◆ Work required
An exact copy of the data is required. No picture may appear in it.

━━ Supplied material

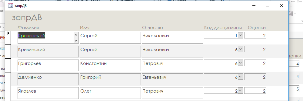 На основе запроса создается форма, отображающая студентов, получивших двойки.
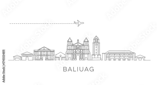 © godsfavoritearts, Obraz premium Baliuag Skyline with Airplane Flying Overhead
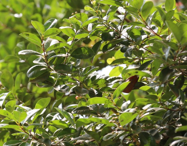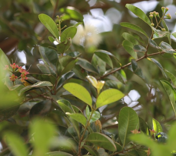 LEAVES: opposite, simple, rounded and bright, glossy green in color, lanceolate from 4–8 cm long. Leaf blades rather small, about 3.3-9.5 x 1.2-3.2 cm. oil dots visible with a lens if not visible to the naked eye. Oil dots rather sparsely scattered. Leafy twigs generally 4-angled or shortly 4-winged, pairs of wings running down from each petiole but amalgamating and forming a pocket or hump above the next lower pair of leaves.
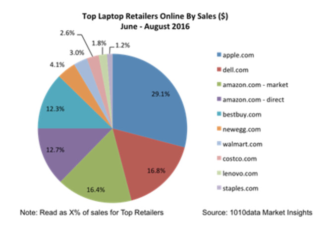 根据市场调查机构1010Data最新统计的调查数据,美国地区按照线上销售额对笔记本进行排序苹果是毫无争议的王者,随后分别是戴尔、华硕、惠普和联想。此外在选购网站方面,苹果官方网站也成为了消费者选购的首选,在所有在线零售商中的占比达到了29.1%,其次是Dell.com、亚马逊、百思买和新蛋。
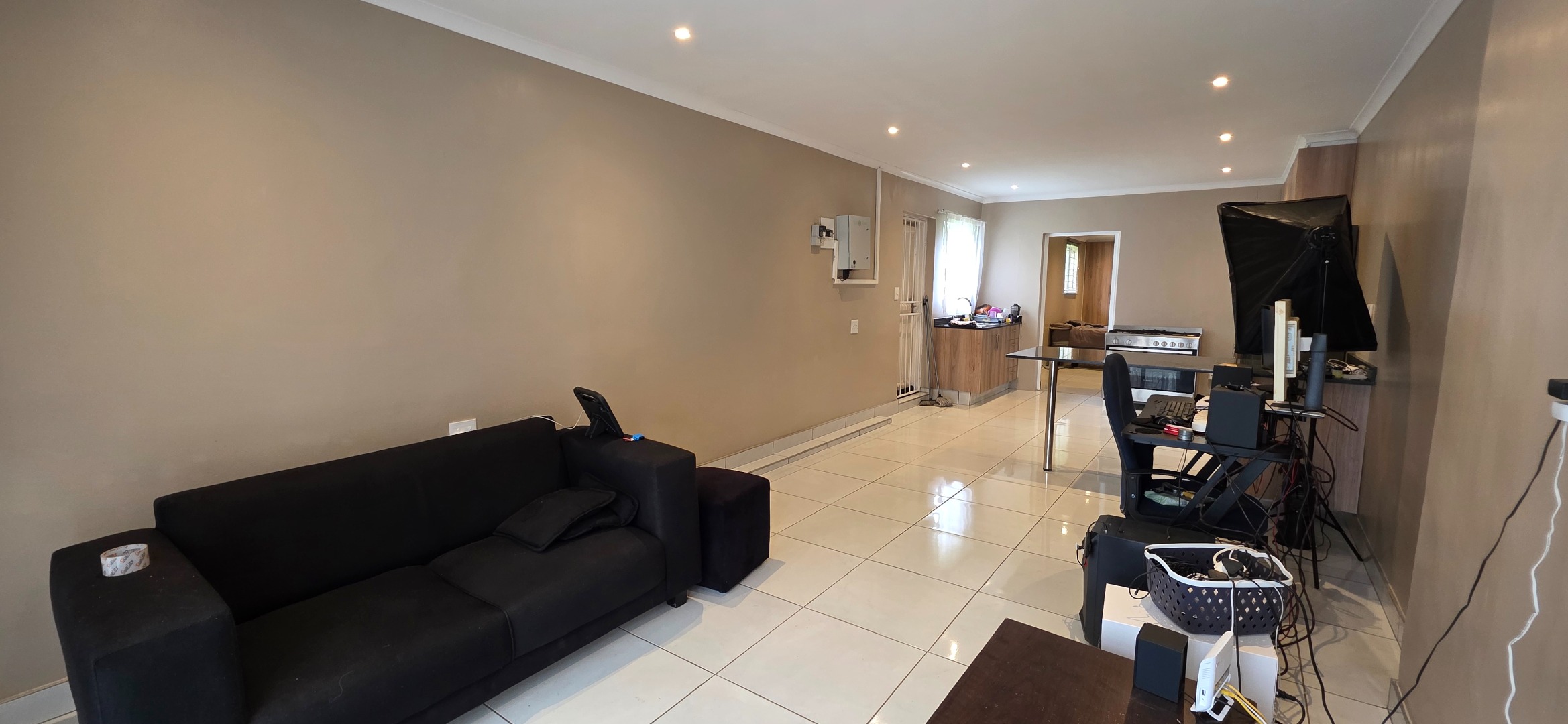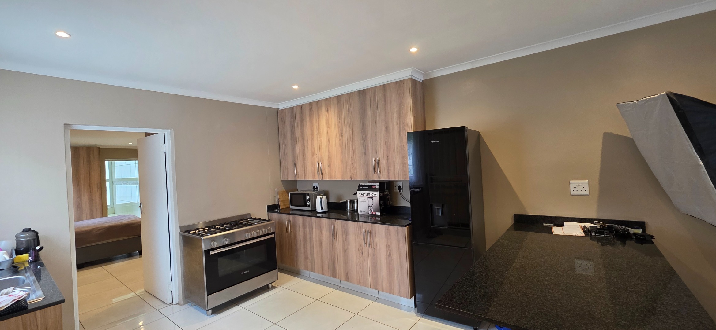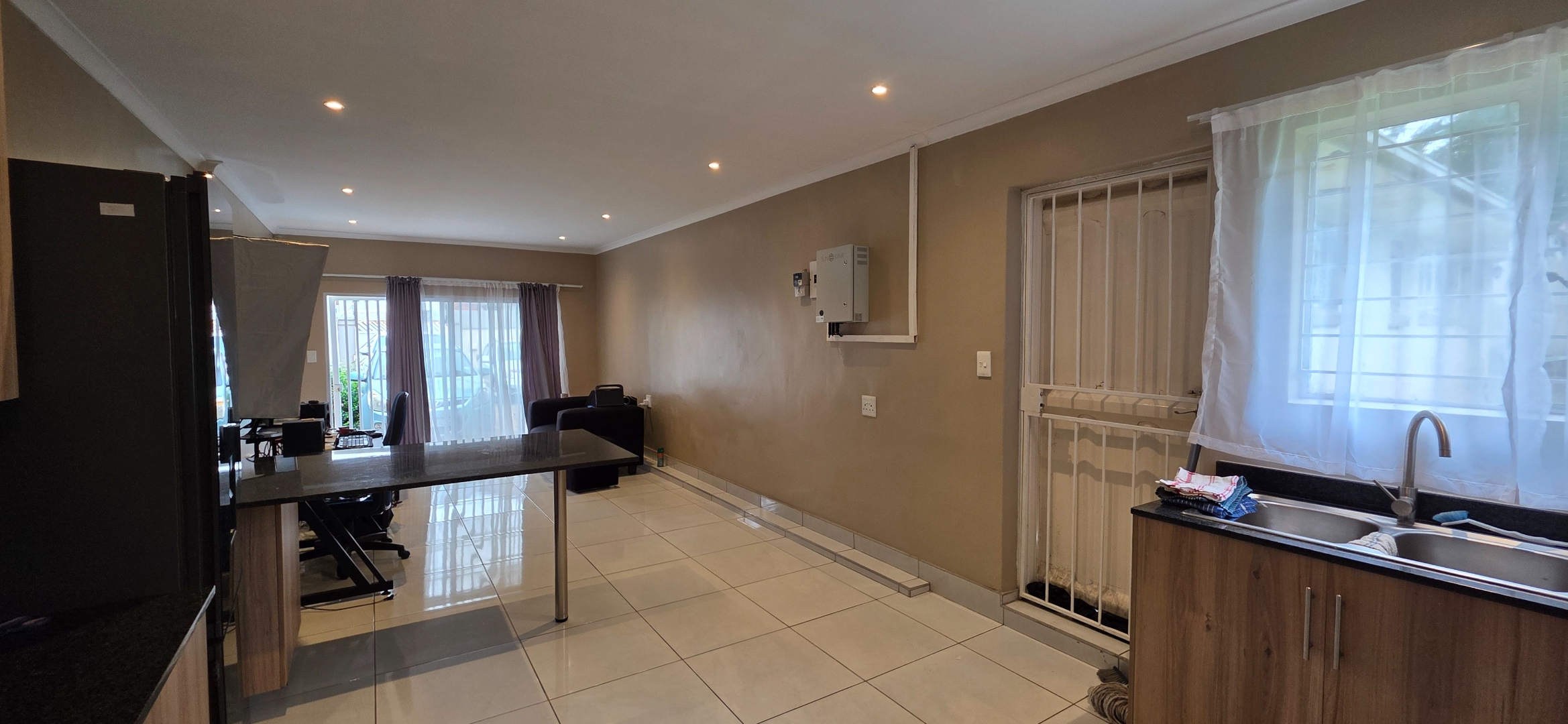 The home features a generously proportioned open-plan layout that seamlessly integrates the lounge, kitchen, and flexible workspace area, creating a versatile living environment ideal for both relaxation and productivity. Large-format tiled flooring throughout, neutral finishes, and recessed lighting enhance the sense of space while allowing abundant natural light to flow through the interior. The modern kitchen is well-appointed with attractive wood-grain cabinetry, durable granite countertops, a stainless steel gas stove, and ample storage, offering both functionality and contemporary appeal.
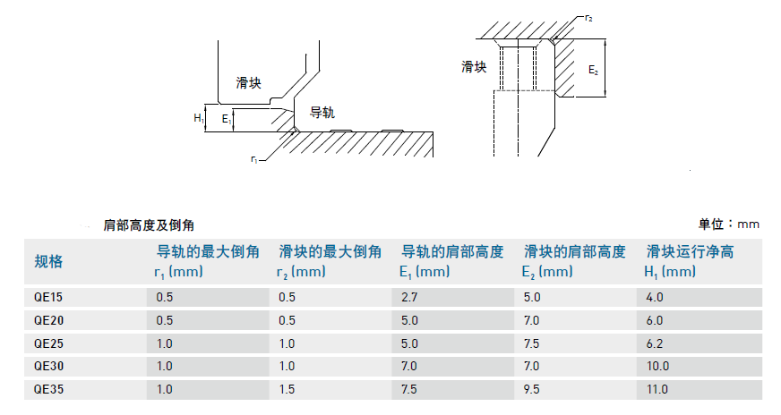 安裝直線導軌時必須注意安裝面肩部的狀況是否適當,如倒角過大,凸出的地方易造成直線導軌精度不良,而高
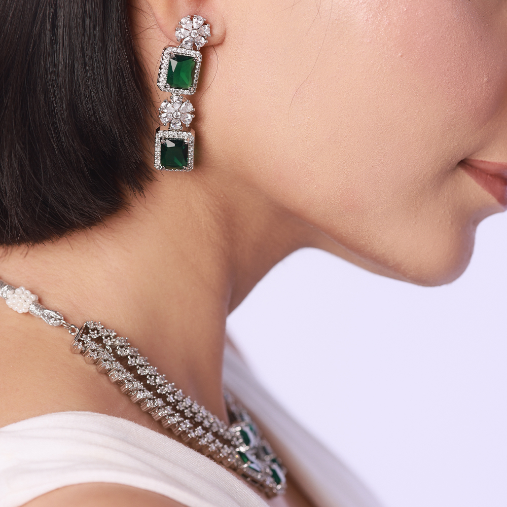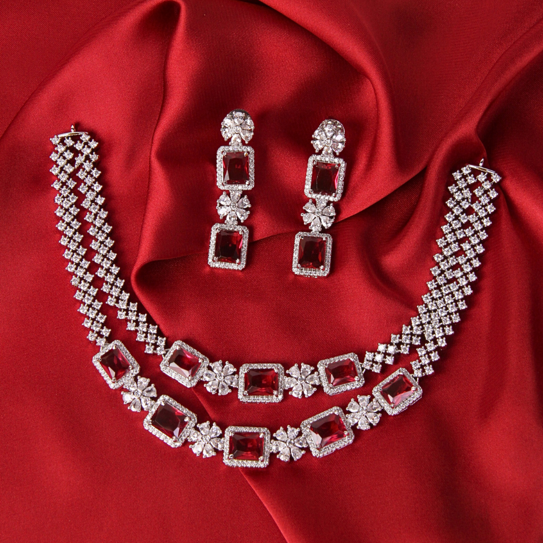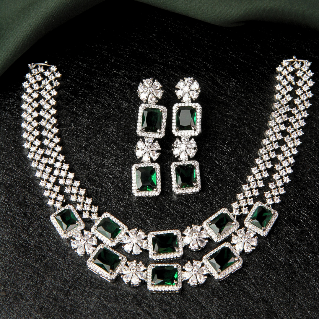 Turn heads with the Luminous Zircon Set, featuring a double-layered necklace adorned with high-quality zircon stones. Ideal for party wear jewelry, this exquisite set is perfect for adding a touch of elegance to gatherings or wedding ceremonies.
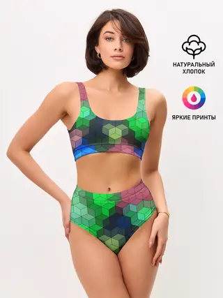 Женские топ и трусы / Разноцветный геометрический уз
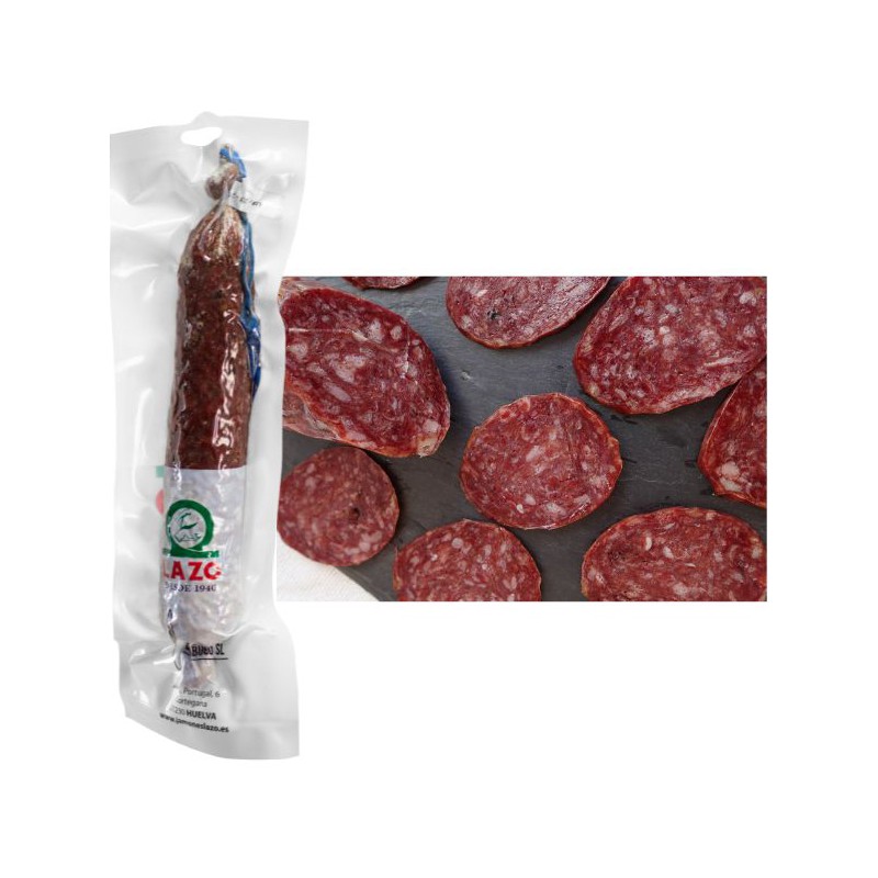 El Salchichón Ibérico Bellota de Presa de LAZO (400/450g aprox.) es un embutido de calidad superior que refleja la excelencia de la tradición ibérica. Elaborado con carnes de la noble Presa Ibérica, proviene de cerdos criados en libertad y alimentados con Bellota en la montanera. Su mezcla equilibrada de magro y especias seleccionadas realza un aroma intenso y un sabor único, ofreciendo una experiencia gastronómica auténtica.
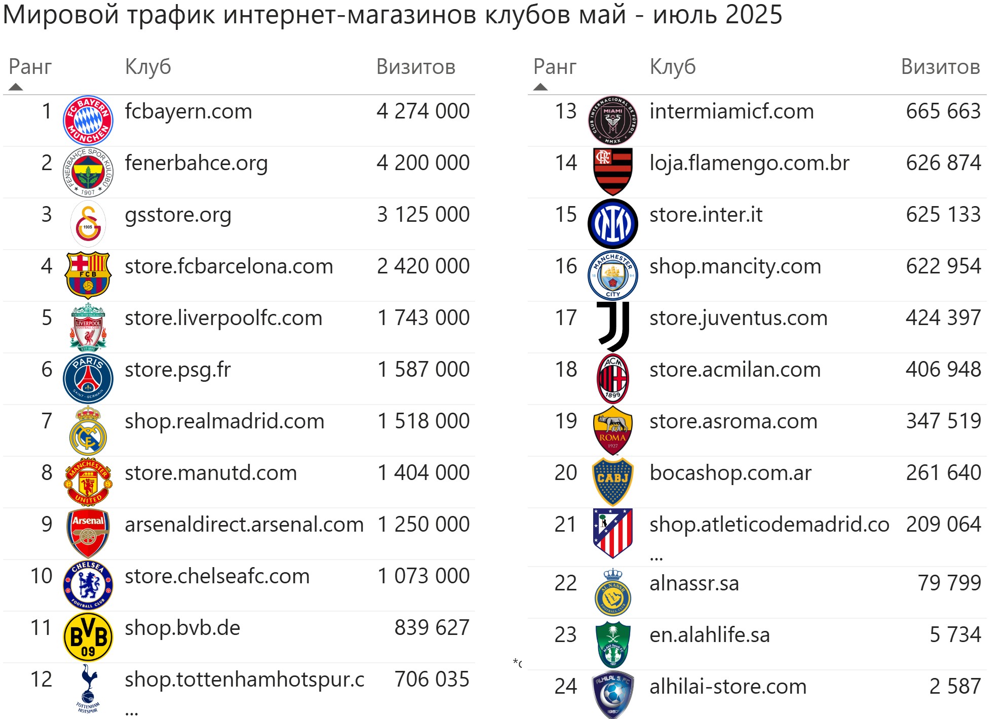 Данные собраны за май-июль 2025 года в сервисе SimilarWeb – самый популярный инструмент анализа веб-трафика для конкурентной разведки (предоставляет данные с лагом в 1.5-2 месяца). Сайты отобраны согласно исследованию Sports.ru – 100 самых популярных клубов мира (по количеству подписчиков в социальных сетях).
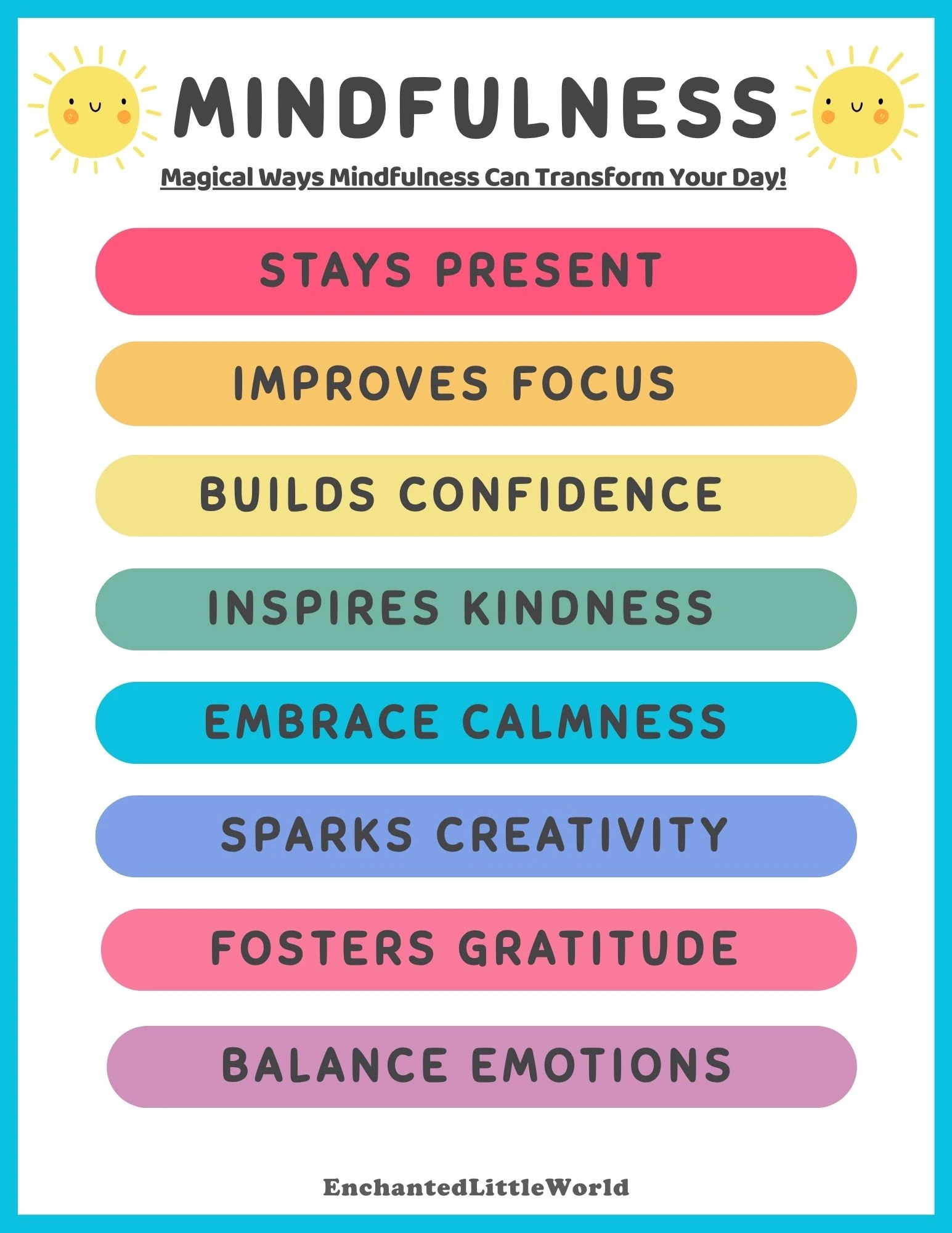 This colorful Magic of Mindfulness poster guides little ones through 8 wonderful ways mindfulness can transform their day! 🌟

━━━━

◆ Answer space
 На основе запроса создается форма, отображающая студентов, получивших двойки.
 © godsfavoritearts, Obraz premium Baliuag Skyline with Airplane Flying Overhead
 LEAVES: opposite, simple, rounded and bright, glossy green in color, lanceolate from 4–8 cm long. Leaf blades rather small, about 3.3-9.5 x 1.2-3.2 cm. oil dots visible with a lens if not visible to the naked eye. Oil dots rather sparsely scattered. Leafy twigs generally 4-angled or shortly 4-winged, pairs of wings running down from each petiole but amalgamating and forming a pocket or hump above the next lower pair of leaves.
 根据市场调查机构1010Data最新统计的调查数据,美国地区按照线上销售额对笔记本进行排序苹果是毫无争议的王者,随后分别是戴尔、华硕、惠普和联想。此外在选购网站方面,苹果官方网站也成为了消费者选购的首选,在所有在线零售商中的占比达到了29.1%,其次是Dell.com、亚马逊、百思买和新蛋。
 The home features a generously proportioned open-plan layout that seamlessly integrates the lounge, kitchen, and flexible workspace area, creating a versatile living environment ideal for both relaxation and productivity. Large-format tiled flooring throughout, neutral finishes, and recessed lighting enhance the sense of space while allowing abundant natural light to flow through the interior. The modern kitchen is well-appointed with attractive wood-grain cabinetry, durable granite countertops, a stainless steel gas stove, and ample storage, offering both functionality and contemporary appeal.
 安裝直線導軌時必須注意安裝面肩部的狀況是否適當,如倒角過大,凸出的地方易造成直線導軌精度不良,而高
 Turn heads with the Luminous Zircon Set, featuring a double-layered necklace adorned with high-quality zircon stones. Ideal for party wear jewelry, this exquisite set is perfect for adding a touch of elegance to gatherings or wedding ceremonies.
 Женские топ и трусы / Разноцветный геометрический уз
 El Salchichón Ibérico Bellota de Presa de LAZO (400/450g aprox.) es un embutido de calidad superior que refleja la excelencia de la tradición ibérica. Elaborado con carnes de la noble Presa Ibérica, proviene de cerdos criados en libertad y alimentados con Bellota en la montanera. Su mezcla equilibrada de magro y especias seleccionadas realza un aroma intenso y un sabor único, ofreciendo una experiencia gastronómica auténtica.
 Данные собраны за май-июль 2025 года в сервисе SimilarWeb – самый популярный инструмент анализа веб-трафика для конкурентной разведки (предоставляет данные с лагом в 1.5-2 месяца). Сайты отобраны согласно исследованию Sports.ru – 100 самых популярных клубов мира (по количеству подписчиков в социальных сетях).
 This colorful Magic of Mindfulness poster guides little ones through 8 wonderful ways mindfulness can transform their day! 🌟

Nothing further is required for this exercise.